═══ TASK INPUT ═══

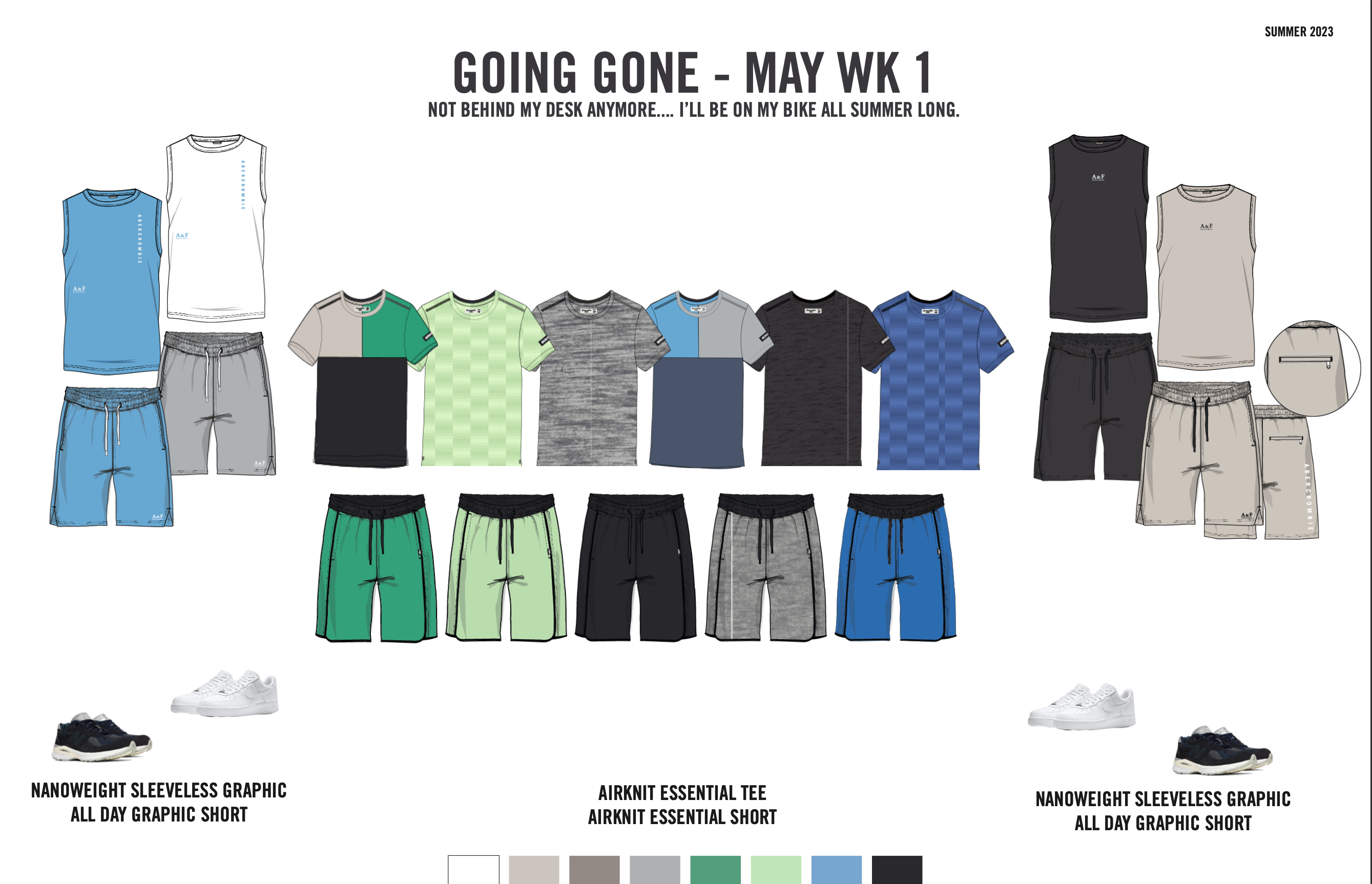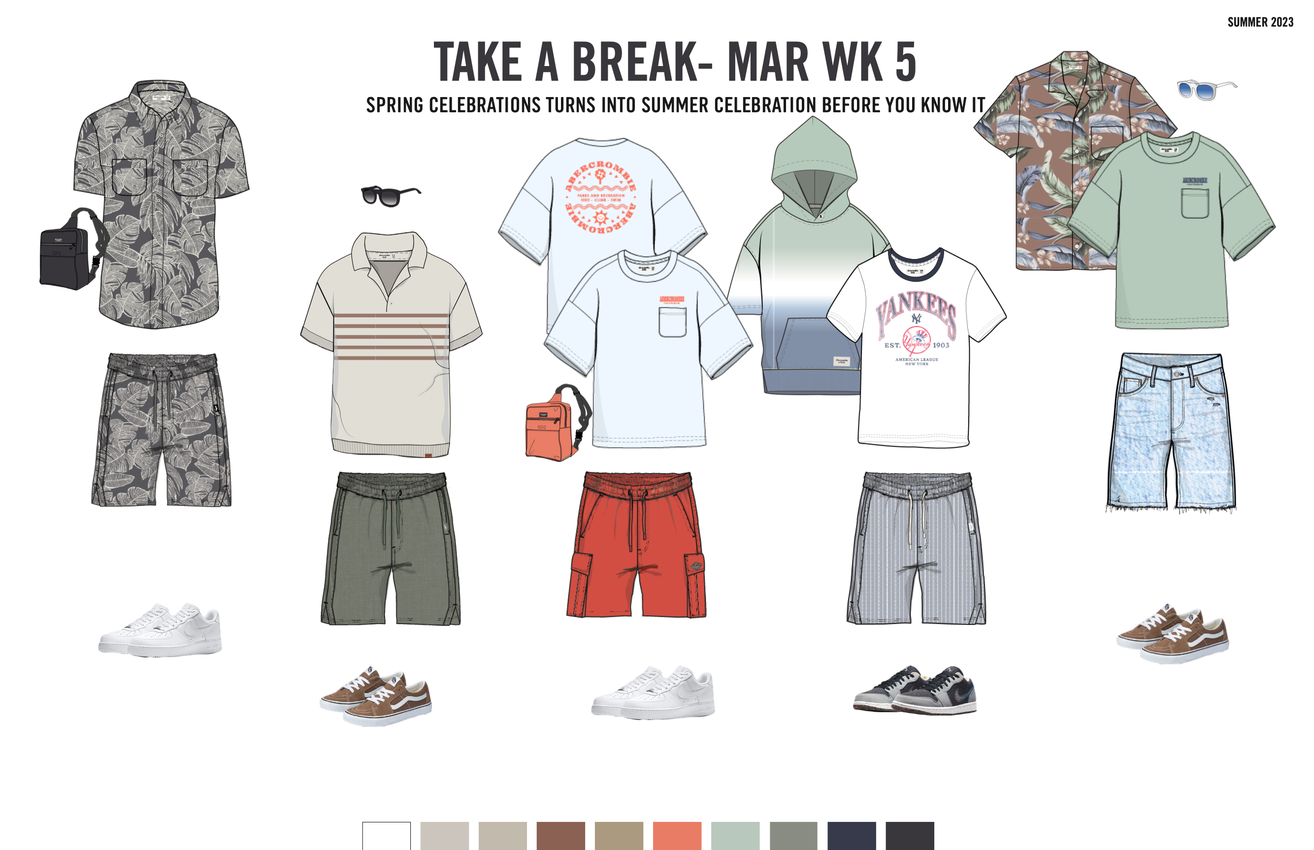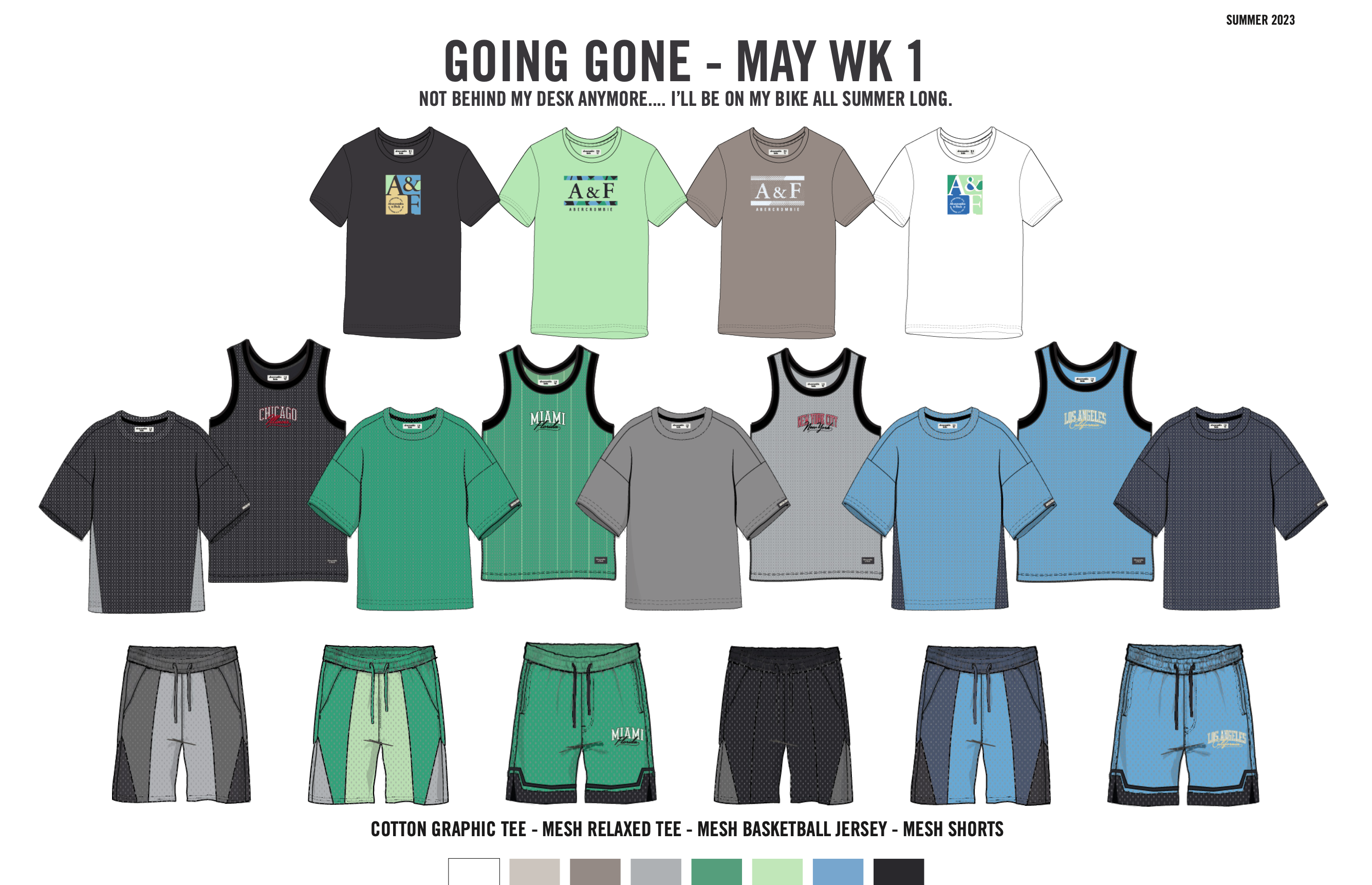 our concept team equipped us with relevant macro trends that are woven throughout the themes, key items, outfits and assortment. the heavy hitters we’re passionate about are licensing, sports jerseys, pull on shorts and matchbacks.
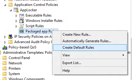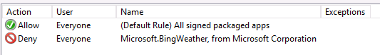 Warning: Whenever you try any thing in AppLocker the golden rule is to test everything first separate from production as there are many gotcha's when doing this... In this first example we are going to explicitly "Blacklist" the weather application. Step 1. As with Executable rules with AppLocker in Windows 7 the best thing to do first is to create the "Default Rules" so that you don't kill all access to your Packaged Apps.
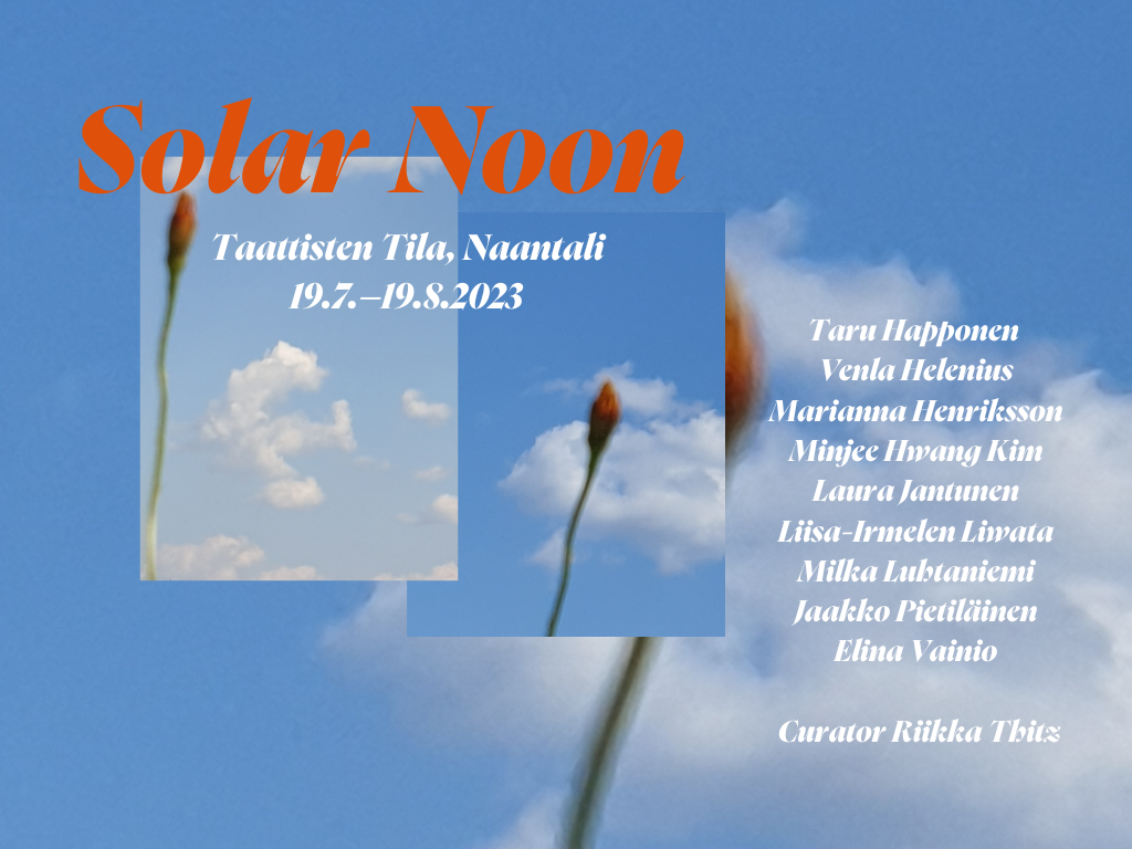Solar Noon is a group exhibition that settles over the landscape of Taattisten tila, entwining the human amidst Earth's interwoven rhythms: its durations and repetitions, the unfathomably large and extremely brief moments. These dazzlingly distinct proportions of a summer’s day affect and are felt in the body. The exhibition aims to play with the orientation of the human within the world’s time; flowing from the past that came long before us and flowering against the future that unfolds without us.
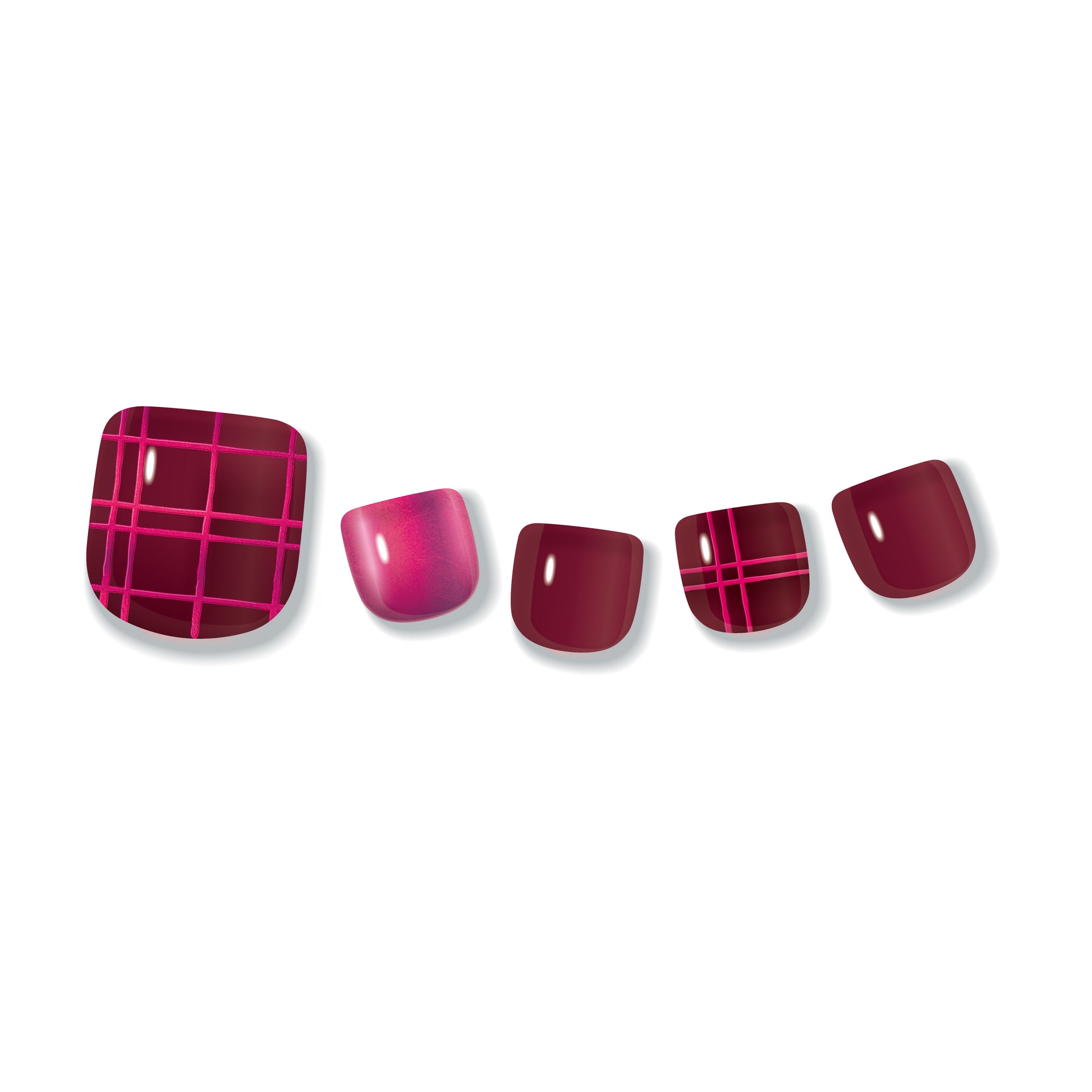 どう組み合わせても可愛くまとまるデザインで、左右で配分を変えても、チェック柄だけ、チェック1本にメタリックピンクだけ、ボルドーピンクだけでもキュート。自在に楽しんで。
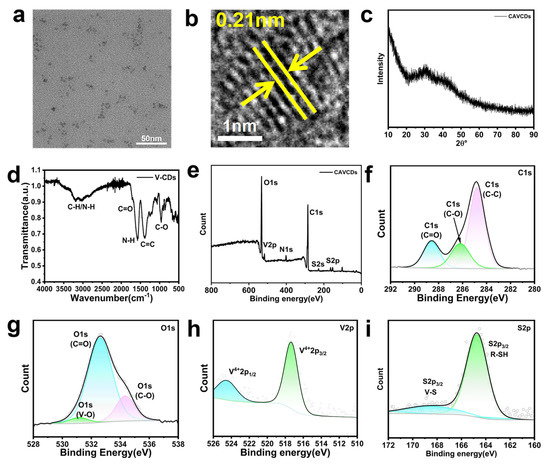(a) TEM image of V−CDs. (b) HRTEM image of V−CDs. (c) XRD pattern of V−CDs. (d) FTIR spectra of V−CDs. (e) XPS survey spectra of V−CDs. The high resolution XPS spectrum of V−CDs: (f) C1s, (g) O1s, (h) V2p, and (i) S2p, respectively.
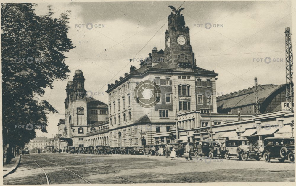 auto autobus budova car clock Fantova FJI Františka Josefa I. Franze Josefa Hlavní nádraží hodiny Hooverova místopis nádraží Prague Praha railway station railway station building station taxi topography třída Wilsonova Wilsonovo nádraží
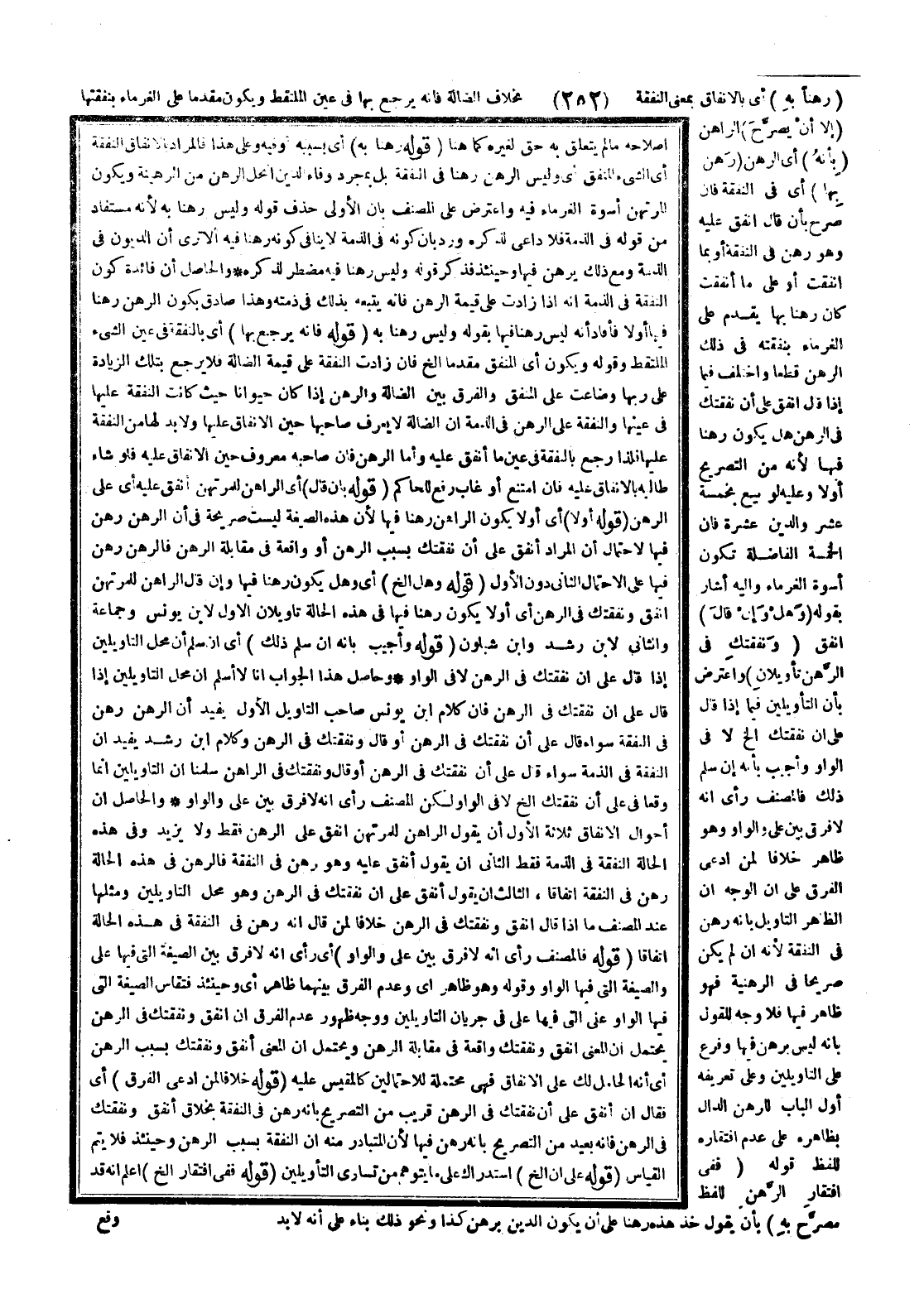 (رَهْنًا بِهِ) أَيْ بِالْإِنْفَاقِ بِمَعْنَى النَّفَقَةِ بِخِلَافِ الضَّالَّةِ فَإِنَّهُ يَرْجِعُ بِهَا فِي عَيْنِ الْمُلْتَقِطِ وَيَكُونُ مُقَدَّمًا عَلَى الْغُرَمَاءِ بِنَفَقَتِهَا (إلَّا أَنْ يُصَرِّحَ) الرَّاهِنُ (بِأَنَّهُ) أَيْ الرَّهْنُ (رَهْنٌ بِهَا) أَيْ فِي النَّفَقَةِ، فَإِنْ صَرَّحَ بِأَنْ قَالَ أَنْفِقْ عَلَيْهِ وَهُوَ رَهْنٌ فِي النَّفَقَةِ أَوْ بِمَا أَنْفَقْتَ أَوْ عَلَى مَا أَنْفَقْتَ كَانَ رَهْنًا بِهَا يُقَدَّمُ عَلَى الْغُرَمَاءِ بِنَفَقَتِهِ فِي ذَلِكَ الرَّهْنِ قَطْعًا، وَاخْتُلِفَ فِيمَا إذَا قَالَ أَنْفِقْ عَلَى أَنَّ نَفَقَتَك فِي الرَّهْنِ هَلْ يَكُونُ رَهْنًا فِيهَا؛ لِأَنَّهُ مِنْ التَّصْرِيحِ أَوْ لَا، وَعَلَيْهِ لَوْ بِيعَ بِخَمْسَةَ عَشَرَ وَالدَّيْنُ عَشَرَةٌ فَإِنَّ الْخَمْسَةَ الْفَاضِلَةَ تَكُونُ أُسْوَةَ الْغُرَمَاءِ وَإِلَيْهِ أَشَارَ بِقَوْلِهِ (وَهَلْ وَإِنْ قَالَ) أَنْفِقْ (وَنَفَقَتُك فِي الرَّهْنِ تَأْوِيلَانِ) وَاعْتُرِضَ بِأَنَّ التَّأْوِيلَيْنِ فِيمَا إذَا قَالَ عَلَى أَنَّ نَفَقَتَك إلَخْ لَا فِي الْوَاوِ وَأُجِيبَ بِأَنَّهُ إنْ سُلِّمَ ذَلِكَ فَالْمُصَنِّفُ رَأَى أَنَّهُ لَا فَرْقَ بَيْنَ عَلَى وَالْوَاوِ وَهُوَ ظَاهِرٌ خِلَافًا لِمَنْ ادَّعَى الْفَرْقَ عَلَى أَنَّ الْوَجْهَ أَنَّ الظَّاهِرَ التَّأْوِيلُ بِأَنَّهُ رَهْنٌ فِي النَّفَقَةِ؛ لِأَنَّهُ إنْ لَمْ يَكُنْ صَرِيحًا فِي الرَّهْنِيَّةِ فَهُوَ ظَاهِرٌ فِيهَا فَلَا وَجْهَ لِلْقَوْلِ بِأَنَّهُ لَيْسَ بِرَهْنٍ فِيهَا وَفَرَّعَ عَلَى التَّأْوِيلَيْنِ وَعَلَى تَعْرِيفِهِ أَوَّلَ الْبَابِ لِلرَّهْنِ الدَّالِّ بِظَاهِرِهِ عَلَى عَدَمِ افْتِقَارِهِ لِلَفْظٍ. قَوْلُهُ (فَفِي افْتِقَارِ الرَّهْنِ لِلَفْظٍ مُصَرَّحٍ بِهِ) بِأَنْ يَقُولَ خُذْ هَذِهِ رَهْنًا عَلَى أَنْ يَكُونَ الدَّيْنُ بِرَهْنِ كَذَا وَنَحْوِ ذَلِكَ بِنَاءً عَلَى أَنَّهُ لَا بُدَّ

═══

# WORK REQUIRED
From the first line to the last, repeat the entries exactly and leave out the pictures.

# RESULT OF THIS EXERCISE
 our concept team equipped us with relevant macro trends that are woven throughout the themes, key items, outfits and assortment. the heavy hitters we’re passionate about are licensing, sports jerseys, pull on shorts and matchbacks.
 Warning: Whenever you try any thing in AppLocker the golden rule is to test everything first separate from production as there are many gotcha's when doing this... In this first example we are going to explicitly "Blacklist" the weather application. Step 1. As with Executable rules with AppLocker in Windows 7 the best thing to do first is to create the "Default Rules" so that you don't kill all access to your Packaged Apps.
Solar Noon is a group exhibition that settles over the landscape of Taattisten tila, entwining the human amidst Earth's interwoven rhythms: its durations and repetitions, the unfathomably large and extremely brief moments. These dazzlingly distinct proportions of a summer’s day affect and are felt in the body. The exhibition aims to play with the orientation of the human within the world’s time; flowing from the past that came long before us and flowering against the future that unfolds without us.
 どう組み合わせても可愛くまとまるデザインで、左右で配分を変えても、チェック柄だけ、チェック1本にメタリックピンクだけ、ボルドーピンクだけでもキュート。自在に楽しんで。
(a) TEM image of V−CDs. (b) HRTEM image of V−CDs. (c) XRD pattern of V−CDs. (d) FTIR spectra of V−CDs. (e) XPS survey spectra of V−CDs. The high resolution XPS spectrum of V−CDs: (f) C1s, (g) O1s, (h) V2p, and (i) S2p, respectively.
 auto autobus budova car clock Fantova FJI Františka Josefa I. Franze Josefa Hlavní nádraží hodiny Hooverova místopis nádraží Prague Praha railway station railway station building station taxi topography třída Wilsonova Wilsonovo nádraží
 (رَهْنًا بِهِ) أَيْ بِالْإِنْفَاقِ بِمَعْنَى النَّفَقَةِ بِخِلَافِ الضَّالَّةِ فَإِنَّهُ يَرْجِعُ بِهَا فِي عَيْنِ الْمُلْتَقِطِ وَيَكُونُ مُقَدَّمًا عَلَى الْغُرَمَاءِ بِنَفَقَتِهَا (إلَّا أَنْ يُصَرِّحَ) الرَّاهِنُ (بِأَنَّهُ) أَيْ الرَّهْنُ (رَهْنٌ بِهَا) أَيْ فِي النَّفَقَةِ، فَإِنْ صَرَّحَ بِأَنْ قَالَ أَنْفِقْ عَلَيْهِ وَهُوَ رَهْنٌ فِي النَّفَقَةِ أَوْ بِمَا أَنْفَقْتَ أَوْ عَلَى مَا أَنْفَقْتَ كَانَ رَهْنًا بِهَا يُقَدَّمُ عَلَى الْغُرَمَاءِ بِنَفَقَتِهِ فِي ذَلِكَ الرَّهْنِ قَطْعًا، وَاخْتُلِفَ فِيمَا إذَا قَالَ أَنْفِقْ عَلَى أَنَّ نَفَقَتَك فِي الرَّهْنِ هَلْ يَكُونُ رَهْنًا فِيهَا؛ لِأَنَّهُ مِنْ التَّصْرِيحِ أَوْ لَا، وَعَلَيْهِ لَوْ بِيعَ بِخَمْسَةَ عَشَرَ وَالدَّيْنُ عَشَرَةٌ فَإِنَّ الْخَمْسَةَ الْفَاضِلَةَ تَكُونُ أُسْوَةَ الْغُرَمَاءِ وَإِلَيْهِ أَشَارَ بِقَوْلِهِ (وَهَلْ وَإِنْ قَالَ) أَنْفِقْ (وَنَفَقَتُك فِي الرَّهْنِ تَأْوِيلَانِ) وَاعْتُرِضَ بِأَنَّ التَّأْوِيلَيْنِ فِيمَا إذَا قَالَ عَلَى أَنَّ نَفَقَتَك إلَخْ لَا فِي الْوَاوِ وَأُجِيبَ بِأَنَّهُ إنْ سُلِّمَ ذَلِكَ فَالْمُصَنِّفُ رَأَى أَنَّهُ لَا فَرْقَ بَيْنَ عَلَى وَالْوَاوِ وَهُوَ ظَاهِرٌ خِلَافًا لِمَنْ ادَّعَى الْفَرْقَ عَلَى أَنَّ الْوَجْهَ أَنَّ الظَّاهِرَ التَّأْوِيلُ بِأَنَّهُ رَهْنٌ فِي النَّفَقَةِ؛ لِأَنَّهُ إنْ لَمْ يَكُنْ صَرِيحًا فِي الرَّهْنِيَّةِ فَهُوَ ظَاهِرٌ فِيهَا فَلَا وَجْهَ لِلْقَوْلِ بِأَنَّهُ لَيْسَ بِرَهْنٍ فِيهَا وَفَرَّعَ عَلَى التَّأْوِيلَيْنِ وَعَلَى تَعْرِيفِهِ أَوَّلَ الْبَابِ لِلرَّهْنِ الدَّالِّ بِظَاهِرِهِ عَلَى عَدَمِ افْتِقَارِهِ لِلَفْظٍ. قَوْلُهُ (فَفِي افْتِقَارِ الرَّهْنِ لِلَفْظٍ مُصَرَّحٍ بِهِ) بِأَنْ يَقُولَ خُذْ هَذِهِ رَهْنًا عَلَى أَنْ يَكُونَ الدَّيْنُ بِرَهْنِ كَذَا وَنَحْوِ ذَلِكَ بِنَاءً عَلَى أَنَّهُ لَا بُدَّ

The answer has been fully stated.